What you need to do → In the listing below, locate the line containing "A delightful tossed" and copy it and every line after it through the end, exactly as written, leaving out any pictures.

Information provided →

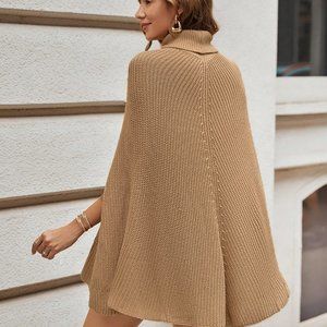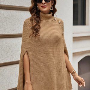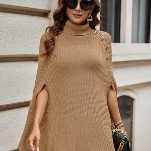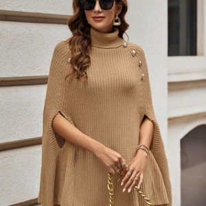 PASSION Turtleneck Button Detail Cloak Sleeve Knit Poncho
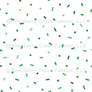 A delightful tossed confetti pattern featuring sprinkles and dots in tonal shades of green.
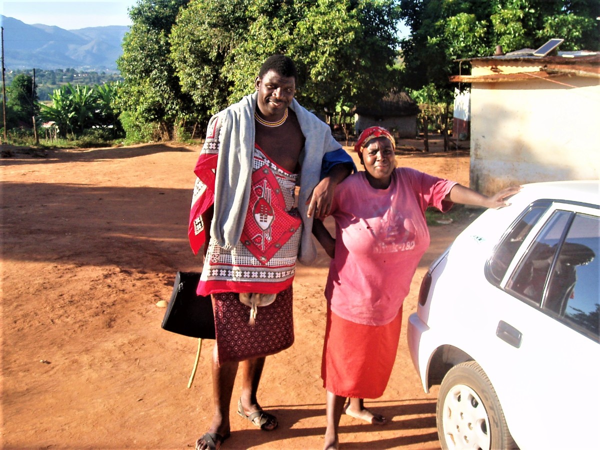 Naše další setkání s urozeným Svazijcem bylo rozhodně lepší. Jednalo se o průvodce ve skanzenu s typickými svazijskými chýšemi, v jehož žilách kolovala královská krev. Poněvadž viděl náš zájem o kulturu svého národa, nabídl nám zprostředkování návštěvy tradiční svazijské vesnice, kde žili jeho předkové. Ve skanzenu byl oblečen v leopardí kůži, na cestu si ale s praktických důvodů vzal méně exotický, ovšem přesto tradiční háv. I on nám sice dával najevo svoji nadřazenost, ale již sympatičtějším způsobem, když nás seznamoval se zvyky svého národa. Cestou jsme se stavili v pouliční restauraci na oběd a náš průvodce daroval svému zcela neznámému krajanovi, který seděl u vedlejšího stolu, polovinu svého jídla. „Je to náš zvyk, skoro povinnost“, sdělil nám s výrazem, který napovídal o určitém pohrdání naší individualistickou západní kulturou.
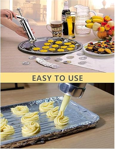 Presse a bBiscuit,Cookie Press,Machine à Biscuits,avec 8 Disques Biscuits et 8 Douilles Chaque permet d'obtenir un produit fini,jusqu'à 20 pièces.pour La Fabrication de Biscuits Gâteaux,Presse Biscuit

Expected answer →
 A delightful tossed confetti pattern featuring sprinkles and dots in tonal shades of green.
 Naše další setkání s urozeným Svazijcem bylo rozhodně lepší. Jednalo se o průvodce ve skanzenu s typickými svazijskými chýšemi, v jehož žilách kolovala královská krev. Poněvadž viděl náš zájem o kulturu svého národa, nabídl nám zprostředkování návštěvy tradiční svazijské vesnice, kde žili jeho předkové. Ve skanzenu byl oblečen v leopardí kůži, na cestu si ale s praktických důvodů vzal méně exotický, ovšem přesto tradiční háv. I on nám sice dával najevo svoji nadřazenost, ale již sympatičtějším způsobem, když nás seznamoval se zvyky svého národa. Cestou jsme se stavili v pouliční restauraci na oběd a náš průvodce daroval svému zcela neznámému krajanovi, který seděl u vedlejšího stolu, polovinu svého jídla. „Je to náš zvyk, skoro povinnost“, sdělil nám s výrazem, který napovídal o určitém pohrdání naší individualistickou západní kulturou.
 Presse a bBiscuit,Cookie Press,Machine à Biscuits,avec 8 Disques Biscuits et 8 Douilles Chaque permet d'obtenir un produit fini,jusqu'à 20 pièces.pour La Fabrication de Biscuits Gâteaux,Presse Biscuit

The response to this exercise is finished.